Donald Trump and College Football: A Match Made in Helld

Tonight a significant portion of the United States will be watching the national college-football championship in Atlanta, pitting the University of Alabama against the University of Georgia. Donald Trump will reportedly be in attendance, which is surprising considering the fact that he’s not known to be a football fan. His only interactions with the sport have involved destroying the USFL, failing to buy an NFL team, defending the name of the Washington R*dskins, and calling black NFL players “sons of bitches” last fall for protesting police violence during the national anthem. Trump thinks a sport he never played has gotten soft, with too few concussions for his liking.

Trump is not a friend of football—he just loves breathing in what is most reactionary about the culture that surrounds it.

The official reason Trump is going to the game, according to professional prevaricator Sarah Huckabee Sanders, is that he wants to go to “Trump country.” One would be forgiven for being concerned that this president thinks there’s an actual place called Trump country. But let’s assume that Huckabee Sanders means a place where Trump’s bruised ego can bask in friendly surroundings. It’s still bizarre, considering that Alabama just elected Democrat Doug Jones to the Senate and exit polls show Trump holding a 48 percent disapproval rating among voters in one of the reddest states in the country. As for Atlanta, they like Trump about as much as low-sodium barbecue sauce. This is the city that Trump described as being “in horrible shape and falling apart (not to mention crime infested).”

Not surprisingly, Trump’s visit will be met with protests. A group called Refuse Fascism is organizing people to take a knee outside the stadium. In explaining their protest, one organizer said in a statement, “Trump dissed Atlanta by calling it ‘crime infested’—code for ‘too many Black people.’ dissed John Lewis for correctly calling him ILLEGITIMATE; dissed football players of conscience, women, immigrants, LGBTQ people, Muslims, science, critical thinking, the environment; threatens the whole world with nuclear holocaust…” In other words, they’ve got reasons.

These demonstrations matter for reasons beyond the fact that Trump should be protested on general principle. They matter because the revolt against racism in sports that we have seen in both the NFL and high schools over the past year skipped college football. The NCAA is a multibillion-dollar operation run by coaches who are often the highest paid public employees in their states, more powerful than university presidents.

Players have no union and no recourse if their scholarships are pulled. It’s a sport dependent on black “talent” and merciless in how it is exploited. Players are fighting for that NFL dream in conditions of indentured servitude. Most players who have been asked about how they feel about Trump’s presence tonight have basically said, “I’m just here to play football.” But their evasive answers have far more to do with the conditions of their employment and the requirement that they shall rock no boats than an absence of political conviction.

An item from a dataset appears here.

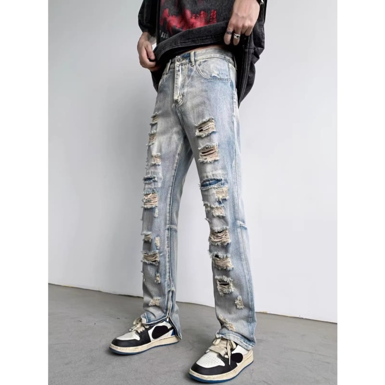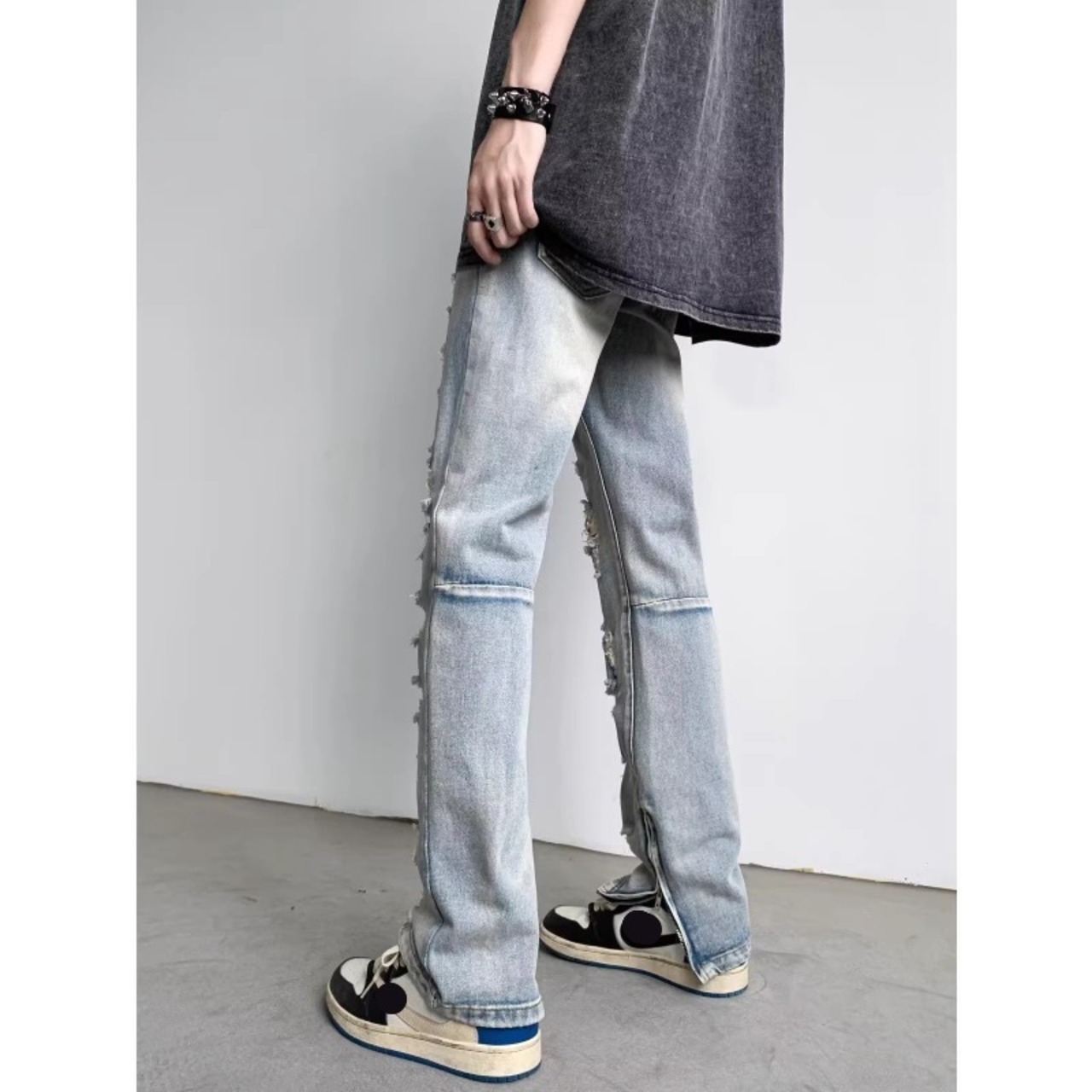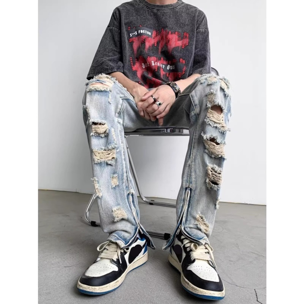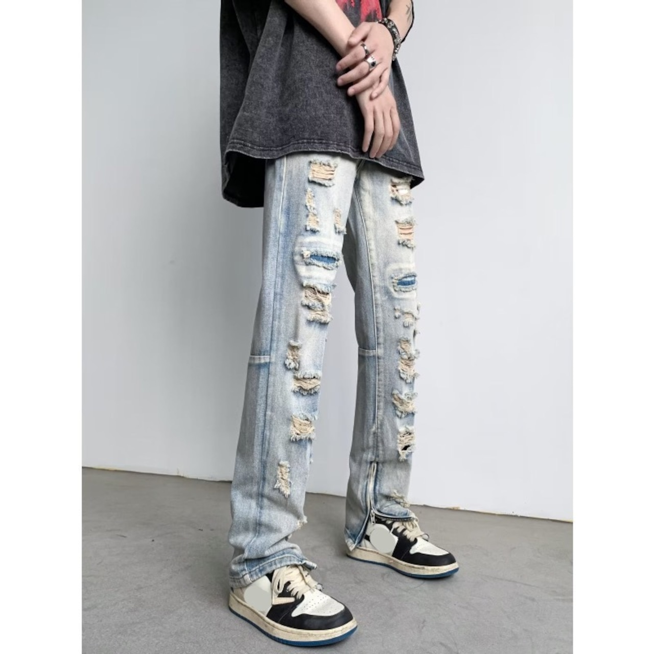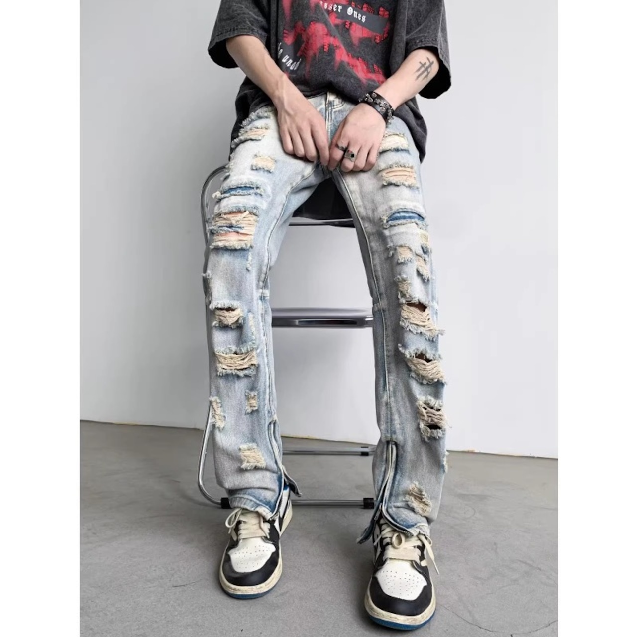 逞しい男らしさを引き立てるデニム ジーンズ ダメージ加工 サイドジップが登場しました。ダメージ加工の施された風合いが、カジュアルなスタイルに一層のアクセントを加えます。サイドジップが特徴のデザインは、スリムなシルエットを演出しながらも着脱も簡単で快適な穿き心地を実現しました。また、股上も深く設計されており、動きやすさも兼ね備えています。これまでにないデザインと機能性の両立で、あなたのスタイリングをより一層格上げすること間違いありません。

It might be happening outside the stadium, but Trump will be protested in Atlanta. This isn’t “Trump country.” His own White House, filled with people who think he’s barely sentient, isn’t Trump country. At this point, outside Mar-a-Lago, one wonders where that magical place might be. It’s not in Atlanta. It sure as hell won’t be at the halftime show, which will feature hip-hop artist Kendrick Lamar. Maybe Trump will find it in the stands. Or maybe he’ll leave in the middle of the first quarter. After all, as much of Puerto Rico languishes without power and Baltimore schools lack heat for the students, the president of this country has cheeseburgers to eat, cable news to watch, and “stable genius” tweets to send.

One thing is certain: With their shared belief of exploitation and the silencing of black athletes, college football and Donald Trump deserve each other.

Dave Zirin is the author of the book: "Welcome to the Terrordome: The Pain, Politics and Promise of Sports" (Haymarket). You can receive his column Edge of Sports, every week by going to dave@edgeofsports.com.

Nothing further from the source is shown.